RECORDS SHOWN START

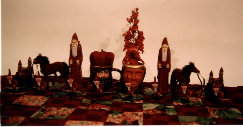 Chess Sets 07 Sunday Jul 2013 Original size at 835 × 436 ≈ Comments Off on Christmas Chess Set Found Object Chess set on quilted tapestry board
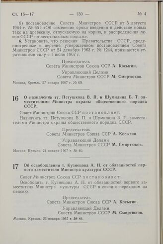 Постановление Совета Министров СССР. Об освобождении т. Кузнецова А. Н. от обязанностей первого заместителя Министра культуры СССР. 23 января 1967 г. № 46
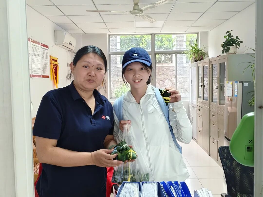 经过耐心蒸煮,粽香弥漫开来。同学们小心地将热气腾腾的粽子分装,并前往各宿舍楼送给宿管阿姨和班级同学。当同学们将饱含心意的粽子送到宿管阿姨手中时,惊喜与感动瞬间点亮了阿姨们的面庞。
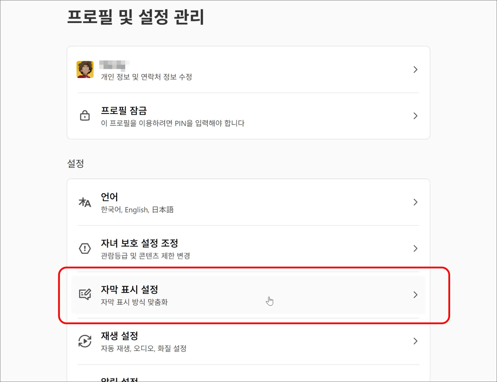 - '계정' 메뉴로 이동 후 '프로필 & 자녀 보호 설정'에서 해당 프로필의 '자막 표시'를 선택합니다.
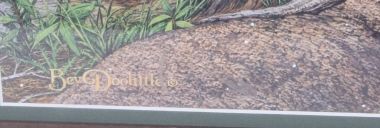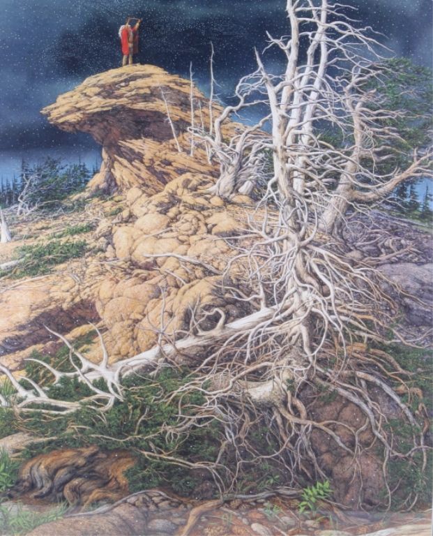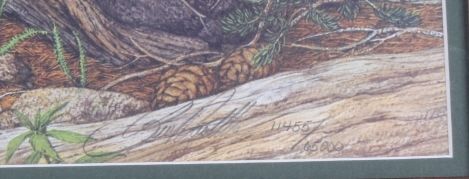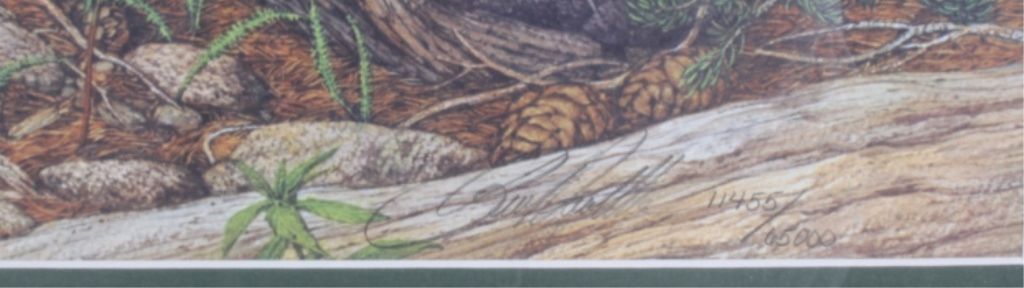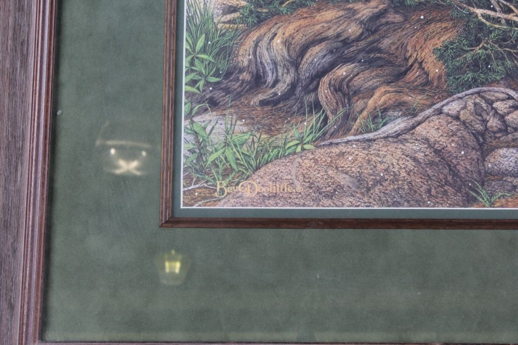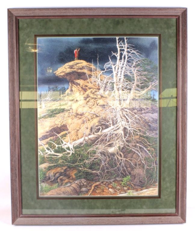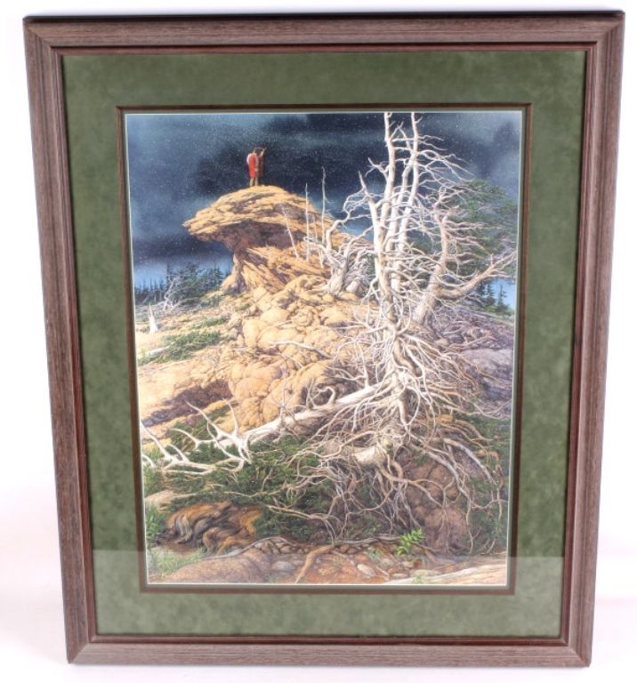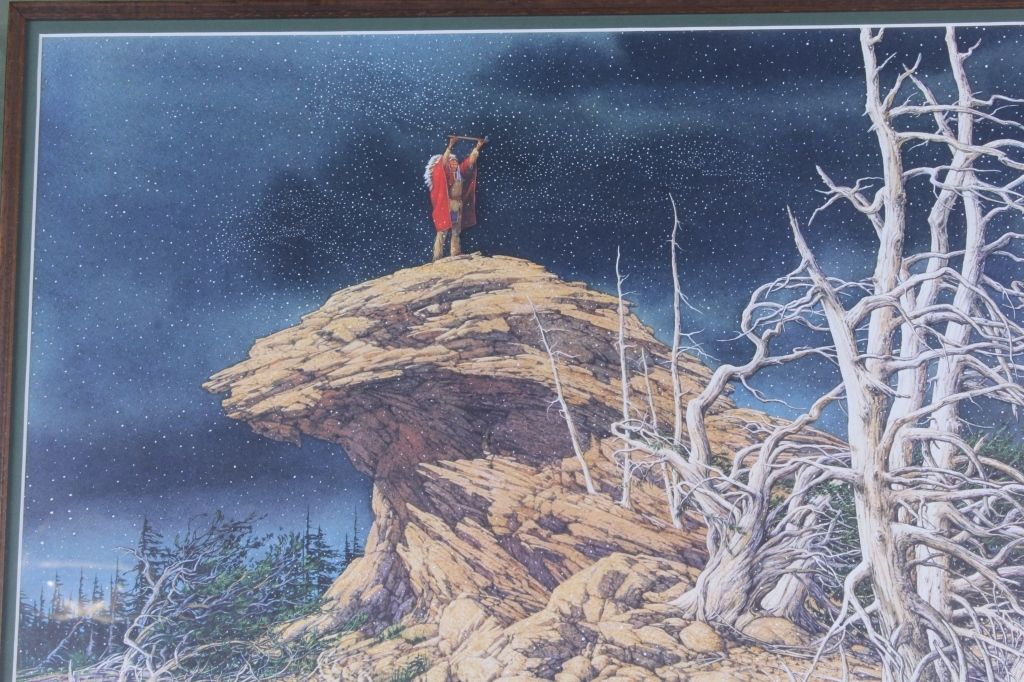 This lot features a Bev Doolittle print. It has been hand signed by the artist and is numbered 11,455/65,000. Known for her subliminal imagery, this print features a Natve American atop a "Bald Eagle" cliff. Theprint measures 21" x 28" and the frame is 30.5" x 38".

RECORDS SHOWN END
RECORDS SHOWN START

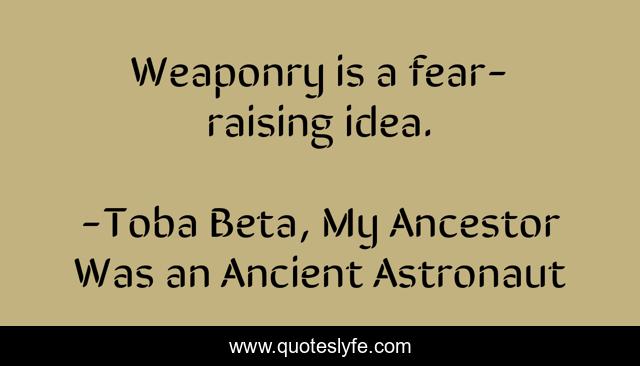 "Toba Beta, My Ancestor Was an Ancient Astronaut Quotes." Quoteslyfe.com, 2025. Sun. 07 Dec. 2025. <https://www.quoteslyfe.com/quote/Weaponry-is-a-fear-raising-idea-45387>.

RECORDS SHOWN END

(TASK REQUIREMENTS) Give again, exactly as written above, every line from the one holding "Chess Sets 07" to the one holding "- '계정' 메뉴로 이동", with both ends kept and the pictures left out.

(ANSWER AREA)
 Chess Sets 07 Sunday Jul 2013 Original size at 835 × 436 ≈ Comments Off on Christmas Chess Set Found Object Chess set on quilted tapestry board
 Постановление Совета Министров СССР. Об освобождении т. Кузнецова А. Н. от обязанностей первого заместителя Министра культуры СССР. 23 января 1967 г. № 46
 经过耐心蒸煮,粽香弥漫开来。同学们小心地将热气腾腾的粽子分装,并前往各宿舍楼送给宿管阿姨和班级同学。当同学们将饱含心意的粽子送到宿管阿姨手中时,惊喜与感动瞬间点亮了阿姨们的面庞。
 - '계정' 메뉴로 이동 후 '프로필 & 자녀 보호 설정'에서 해당 프로필의 '자막 표시'를 선택합니다.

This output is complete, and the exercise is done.